Sebutan lain dari harga mengapung adalah pendekatan skimming, pendekatan ini sangat efektif jika terdapat perbedaan harga atas aspek tertentu dan kompetitor relatif sedikit.

Selain itu, pendekatan ini juga bermanfaat untuk pembatas atas permintaan suatu produk, sehingga perusahaan akan merasa siap untuk melakukan produksi secara massal kembali.

2. Harga Penetrasi

Harga penetrasi artinya memberikan harga yang lebih rendah agar tercipta pangsa pasar permintaan, umumnya metode ini diterapkan dalam kondisi pasar yang tidak terfragmentasi ke dalam aspek berbeda produk, dan itu tidak mempunyai nilai simbolis yang tinggi. Metode harga penetrasi akan sangat cocok dan efektif untuk pasar yang cenderung sensitif terhadap harga.

Strategi Penetapan Harga Pada Produk yang Telah Beredar

Strategi untuk menetapkan harga pada produk yang telah beredar di masyarakat, umumnya tidak lepas dari posisi produk dalam siklus produk. Dan berikut 3 tingkatan dalam tahapan siklus.

1. Tahap pertumbuhan

Pada tahap pertumbuhan ini memiliki ciri-ciri yaitu diantaranya penjualan akan meningkat dan disertai dengan munculnya pesaing. Ketika terjadi pertumbuhan yang cepat, maka biasanya strategi yang digunakan yaitu tetap mempertahankan harga produk atau pasar.

Namun sebaliknya jika pertumbuhan melambat, maka strategi yang diterapkan yaitu strategi harga agresif atau menurunkan harga, hal ini bertujuan agar dapat mendorong penjualan sekaligus mampu menghadapi persaingan yang semakin ketat.

2. Tahap kematangan

Dalam tahap kematangan ini mempunyai karakteristik seperti fleksibilitas harga, hal itu terjadi karena tahap ini merupakan efektivitas strategi dalam penetapan harga.

Secara garis besar, sudah menjadi kewajiban bagi perusahaan untuk menjadi sosok yang responsif terhadap situasi pasar, konsumen, bahkan terhadap pesaing.

3. Tahap penurunan

Dalam tahap penurunan ini biasanya ditandai dengan menurunnya jumlah permintaan secara terus menerus. Selain itu, pada tahap ini merupakan tahap akhir dalam daur hidup produk yang mana mempunyai dua alternatif langkah utama, yaitu:

  1. Discounting atau pemotongan harga.
  2. Mempertahankan penetapan harga namun memotong biaya yang berhubungan dengan produk, khususnya dalam pengeluaran biaya untuk promosi. 

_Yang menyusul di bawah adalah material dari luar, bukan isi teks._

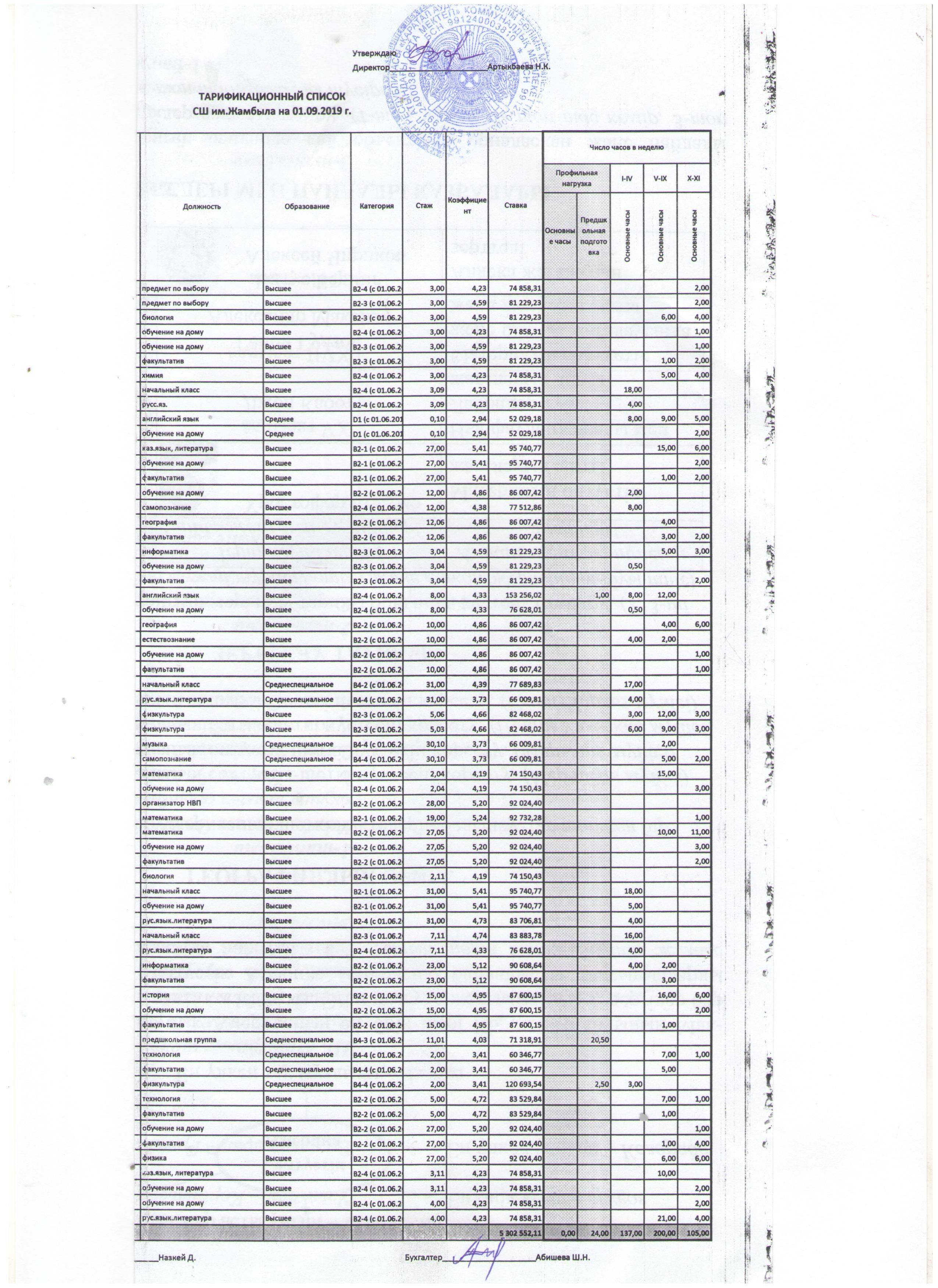 Жамбыл атындағы орта мектебінің тарификациясы 2019-2020 оқу жылы

Hal-Hal yang Harus Diperhatikan Dalam Penentuan Harga

Penetapan harga suatu produk harus dipertimbangkan berdasarkan :

  1. Menentukan berapa banyak pendapatan yang ingin dihasilkan dari produk tersebut.
  2. Menentukan prioritas usaha.
  3. Mempertimbangkan kemampuan atau daya beli konsumen.
  4. Besarnya biaya produksi.
  5. Sesuai dengan target awal.
  6. Mengetahui harga pesaing atau kompetitor.
  7. Monitor harga secara berkelanjutan.

Demikianlah artikel tentang penetapan harga ini, semoga bermanfaat.